Ja. Menu/Bearbeiten/Alle Operationen ausführen.

 *Tyrus wrote:*   

> ....
> 
> Die Hauptwurzel ist dabei "/". Benutz nicht Sachen aus run. Das Verzeichnis ist nicht dafür gedacht.

 

Gibt es dafür einen Grund ?

----------

## Tyrus

 *LuxJux wrote:*   

> 
> 
>  *Tyrus wrote:*   ....
> 
> Die Hauptwurzel ist dabei "/". Benutz nicht Sachen aus run. Das Verzeichnis ist nicht dafür gedacht. 
> ...

 

/run ist ein temporäres Verzeichnis für das es keinen offiziellen Standard gibt. Um schnell irgendwelche Infos da einzusehen, kann man sicher da schaun. Aber um das dauerhaft meinetwegen in der /etc/fstab zu verwenden, eignet sich das nicht. Das kann sich immer verändern in der Art der Nutzung. 

Devices wie deine Festplaten immer über /dev einbinden. Wenn dein Gerät da nicht auftaucht stimmt irgendwas nicht.

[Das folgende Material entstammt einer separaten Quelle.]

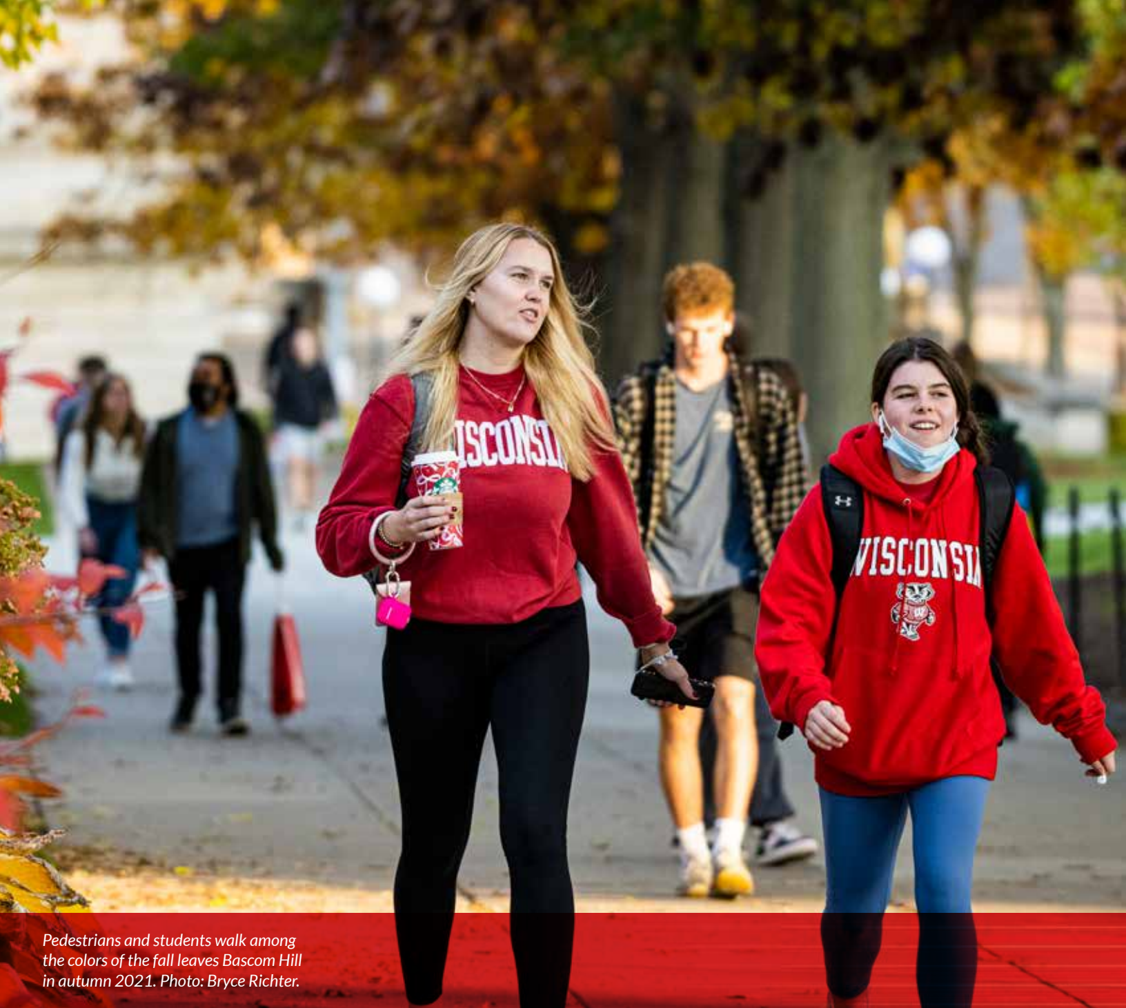
Pedestrians and students walk among the colors of the fall leaves Bascom Hill in autumn 2021.

■ Resources to support student health and wellbeing are available, often at no-cost, on campus. However, students may also access services in the surrounding community.
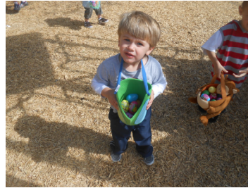
Showing off his egg!

During Bible time we are learning what God's Word says about kindness from one of our memory verses, Ephesians 4:32, "And be ye kind one to another" Our other verse is Proverbs 20:11
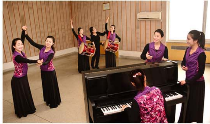
Efforts are made to create new singing and dancing programmes.
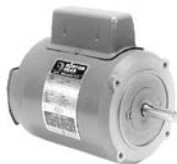
NEMA C-Face AC-Motors Pages 334-339
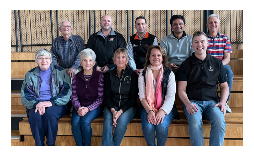
Thank you to all our Stewards and Volunteers
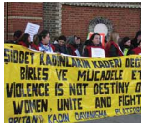
Demonstration against violence against women by the local Turkish and Kurdish community

📄: www.hackneycen.org.uk/resources/default.aspx
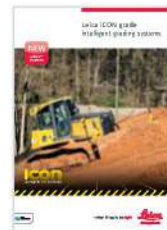
Leica iCON grade Brochure
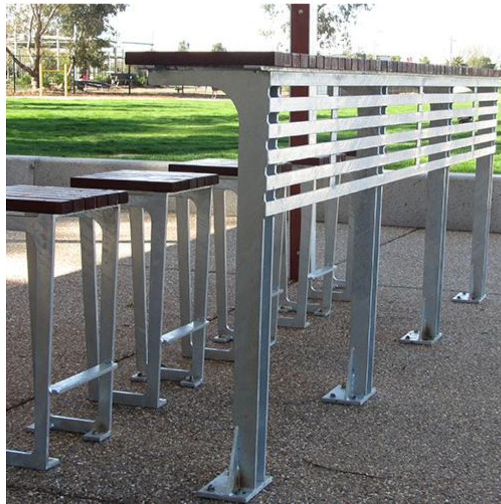
| ESPLANADE BAR FURNITURE

Our Picnic Setting range is one of the most comprehensive offerings in Australia. Each unique design is carefully hand-manufactured in our Shepparton Foundry under strict quality guidelines - with the knowledge of how public use can wear products down.
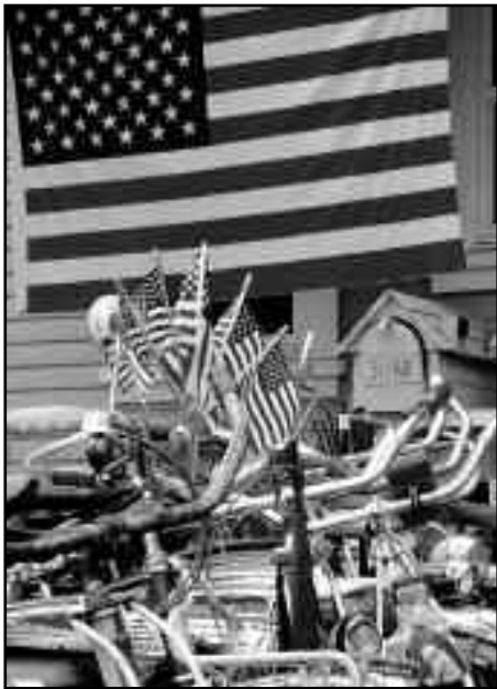
The bike show and old glory on a perfect day in the sun
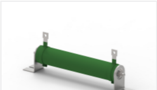
TE Part #5-1879443-5 TE 80W 2K7 5% Bracket
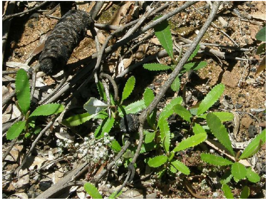
Burnt Newnes Plateau Banksia cones among regenerating seedlings.

Like many, I was looking forward to a display of Pink Flannel Flowers ( Actinotus forsythii ) this summer and have not been disappointed. They appear the summer after bushfires and are mostly found on exposed ridges - frequently with burnt Heath-leaved Banksias. I was concerned that they may be picked or trampled on, but the profusion of them in many locations in the
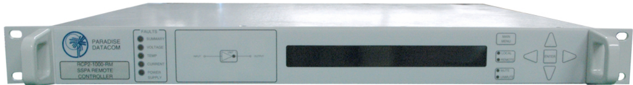
RCP2-1000 Remote Control Panel for Rack Mount SSPAs
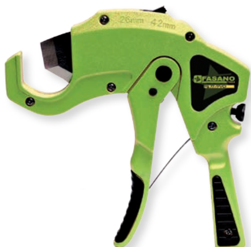
Pipe cutter for PVC tubes
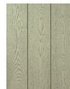
Sage Green: MCL360N
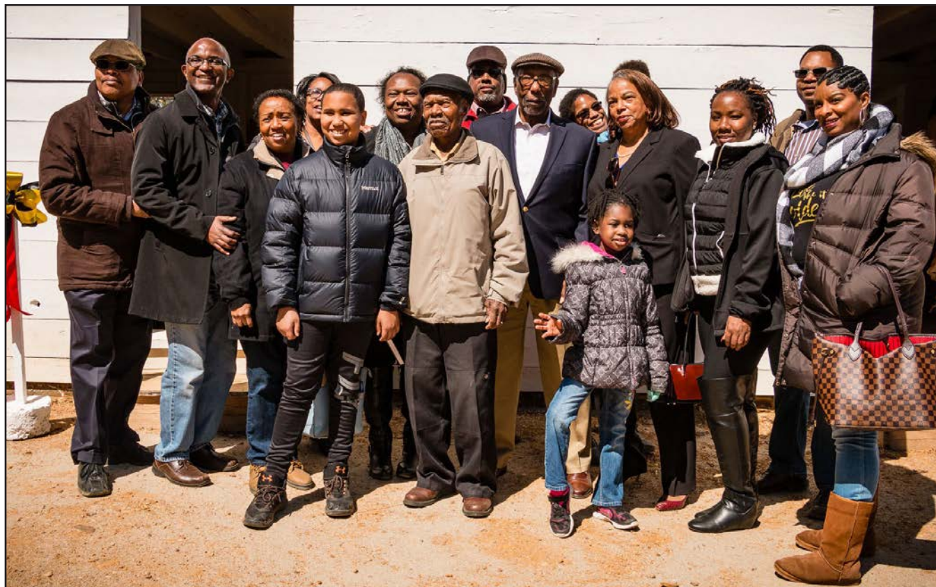
Figure 2. Members of the Milburn and Hall families at the opening of the exhibit.

The exhibit is structured with one room representing the
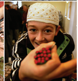
Fireworks for Eid
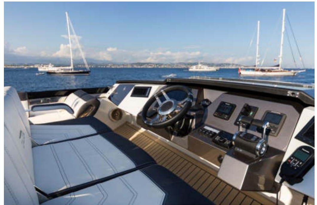
— The whole top deck can be quickly closed off by a carbon roof – genius!
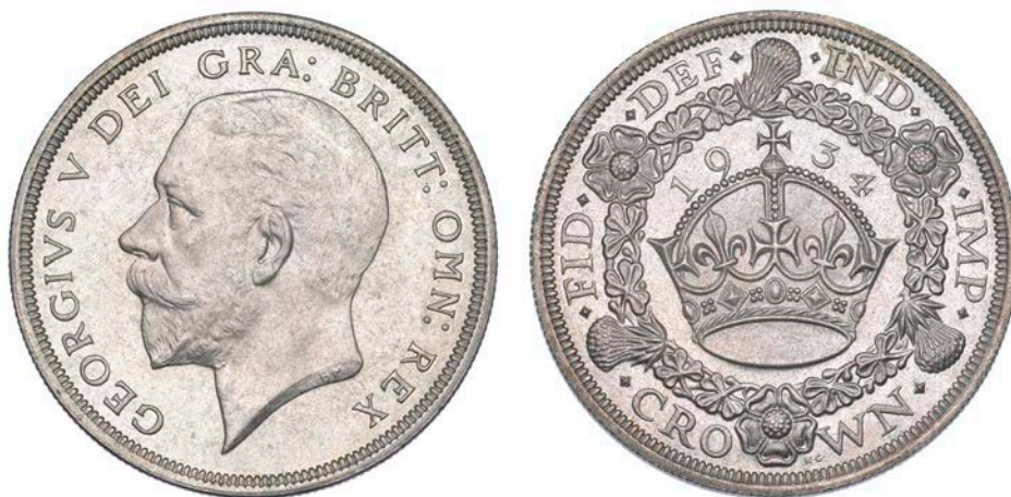
316 Crown, 1934 (ESC 374; S 4036). Virtually as struck with proof-like fields, rare
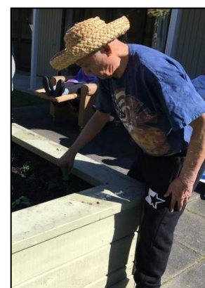
Residents and staff enjoy assisting our gardener to plant and maintain our raised vegetable beds

that closely mirrors a household living experience, with access to familiar homely pursuits such as showering, choosing what to wear, applying makeup and selecting jewellery, shaving, setting the table, folding linen, peeling vegetables, flower arranging, gardening, preparing and eating a meal, washing the dishes, or reading a magazine. In our small homes these interactions occur spontaneously with all staff and all residents every day, many times within a day.
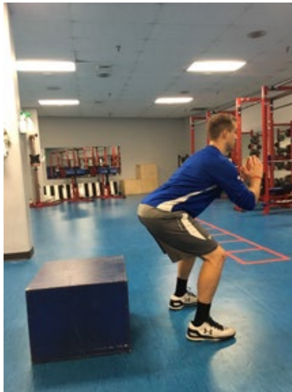
FIGURE 7. DROP LANDING TEST
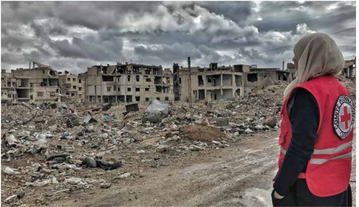
Photo: Rural Damascus, Mouadamieh
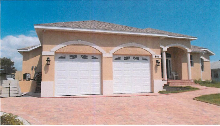
FRONT VIEW 4/15/14

If using the Elevation Certificate to obtain NFIP flood insurance, affix at least 2 building photographs below according to the instructions for Item A6. Identify all photographs with date taken; "Front View" and "Rear View"; and, if required, "Right Side View" and "Left Side View." When applicable, photographs must show the foundation with representative examples of the flood openings or vents, as indicated in Section A8. If submitting more photographs than will fit on this page, use the Continuation Page.
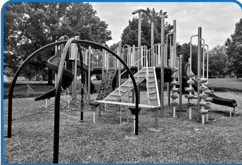
New playground equipment at Again Street Park.
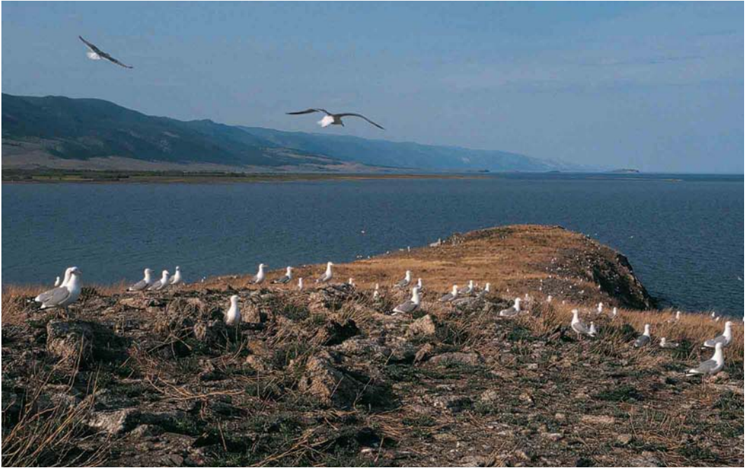
85 Part of Bolshoye Toïnik, Maloye More, north-western Lake Baikal, Siberia, Russia, May 1992 ( Pierre Yésou ). This island holds main colony of Mongolian Gull / Mongoolse Meeuw Larus (cachinnans) mongolicus (c 1000 pairs). Egg laying starts on c 5 May when ice still covers large parts of Lake Baikal. Temperatures of below 0°C regularly occur at night up to mid-June. Water surface temperature is still below 10°C by late June, except in some sheltered coastal bays 86 Mongolian Gulls / Mongoolse Meeuwen Larus (cachinnans) mongolicus , Maloye More, north-western Lake Baikal, Siberia, Russia, June 1992 ( Pierre Yésou )
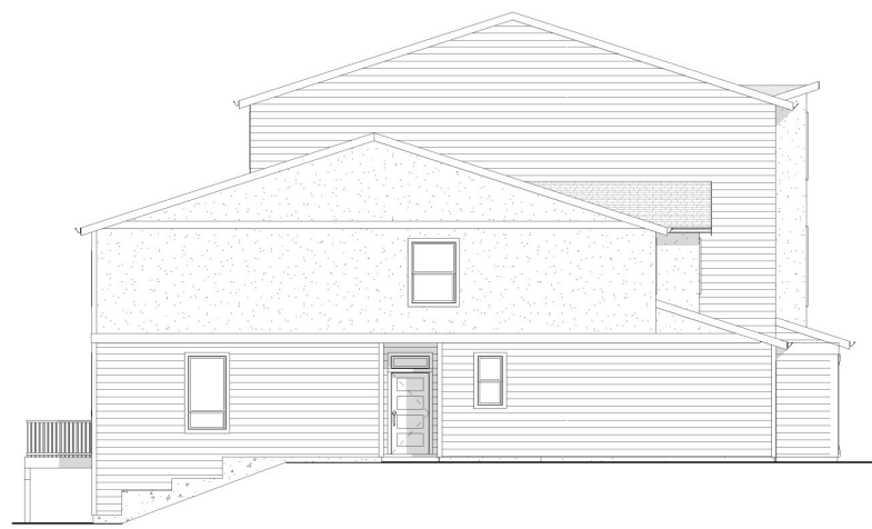
LEFT ELEVATION 1/8" = 1'-0"
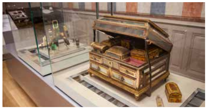
Grooming case – 18th century - Venice, wood, glass, carton, cloth, metal International Museum of Perfumery, inv. 94 48

Grasse wanted to be the first to found an International Museum of Perfumery, and the town put forward a well-researched scientific proposal, backed by a tenacious desire to see the project come to light.
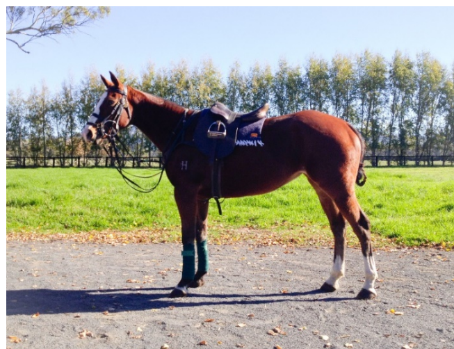
Half-sister Cha Cha Jewel
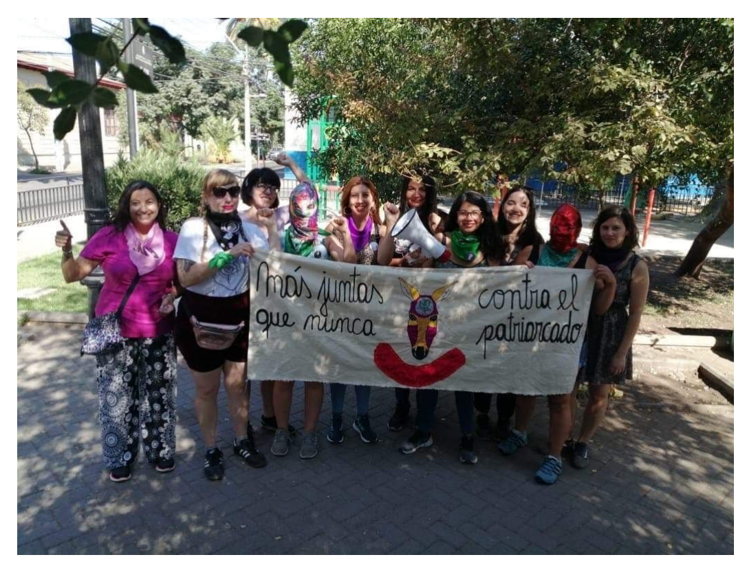
Figure 6 8 March 2020 – Plaza Huemul – feminist members of the Huemul Assembly before their participation in the 8 March General Feminist Strike. The banner reads: 'More together than ever against patriarchy'.
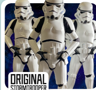
ORIGINAL STORMTROOPER © 2023 Shepperton Design Studios www.originalstormtrooper.com
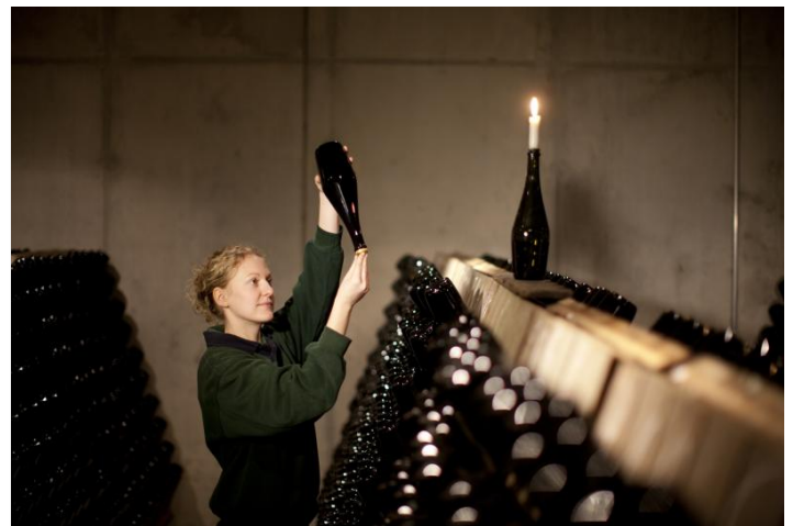
Wackerbarth Castle masterfully maintains the traditional art of bottle fermentation
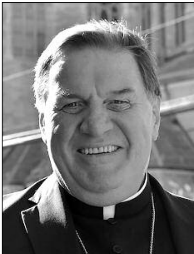
(above) Cardinal Joseph W. Tobin, C.Ss.R., Archbishop of Newark will be the guest speaker.

St. Joseph Social Center invites the community to their Annual Fundraising Raffle Dinner to be held on October 17, 2019 at the Westwood in Garwood.
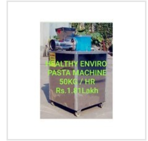
30-50 Kg/Hr Automatic Pasta Making Machine
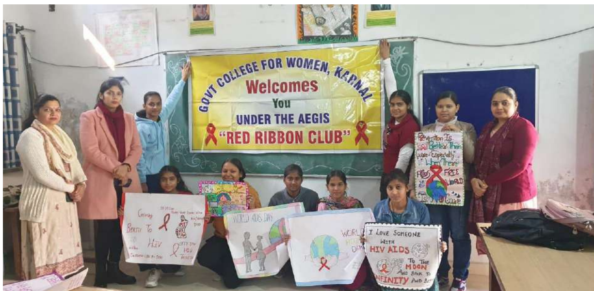
Figure 5 poster making competition on 20.12.23
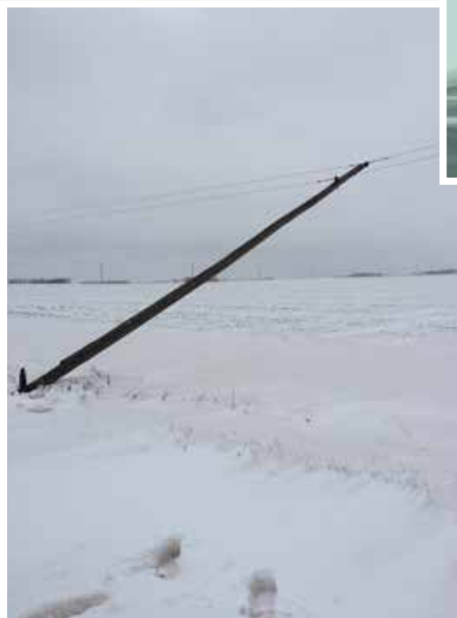
A total of 14 poles were broken during the April storm.

Cairo Substation, one to the Birch Cooley Substation, and another to the Kingman Substation. The crews patrolled the lines and made necessary repairs to restore power to the members. Some of the members in the Cairo and Birch Cooley areas lost power multiple times. The Kingman Substation outages were only on one circuit. The crew found a broken insulator and wires galloping. This insulator was repaired around 6:00 pm Thursday night. The crews continued work in the Cairo and Birch Cooley areas until all power was restored. This round of power outages was restored around 1:00 am Friday morning.
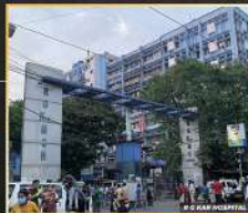
RG KAR HOSPITAL
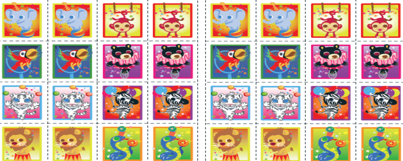
Play a Memory Game!
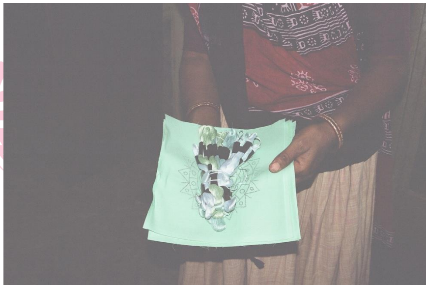
Traced pattern on fabric
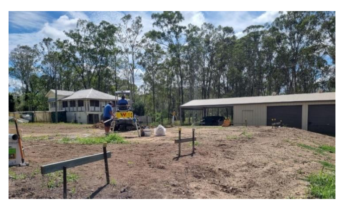
The raised pad level to meet the Logan City Council flood levels. The shed project was delayed for two years due previous contractor error. What a great relief.
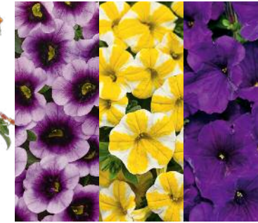
32. Once in a Blue Moon Superbells® Blue Moon Punch™ Calibrachoa Superbells® Lemon Slice™ Calibrachoa Supertunia® Royal Velvet™ Petunia
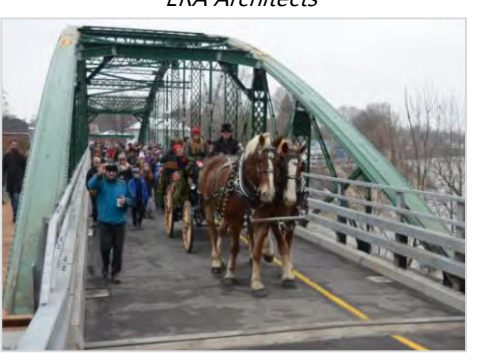
ACO Award Nominee, Blackfriars Bridge Restoration Team, London
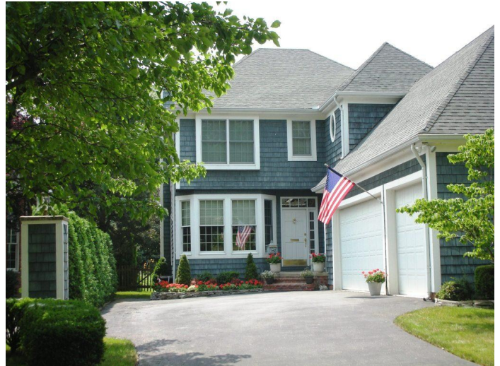
379 St. Clair

Sycamore Lane Homeowners Association - award presented for "Best Block" (pictured below)

Zum besseren Verständnis dazu auch ein paar Links: 

https://de.wikipedia.org/wiki/Filesystem_Hierarchy_Standard

http://refspecs.linuxfoundation.org/FHS_3.0/fhs/index.html

https://wiki.gentoo.org/wiki/Directories

https://devmanual.gentoo.org/general-concepts/filesystem/index.html

----------

## LuxJux

Danke. Das bringt etwas Licht in Dunkel.

Hatte mich schon gewundert, weshalb die Platten immer wieder in unterschiedlicher Reihenfolge eingehängt werden.

----------

## LuxJux

Hab deine Hinweise mal mit https://www.deepl.com/translator nachgelesen.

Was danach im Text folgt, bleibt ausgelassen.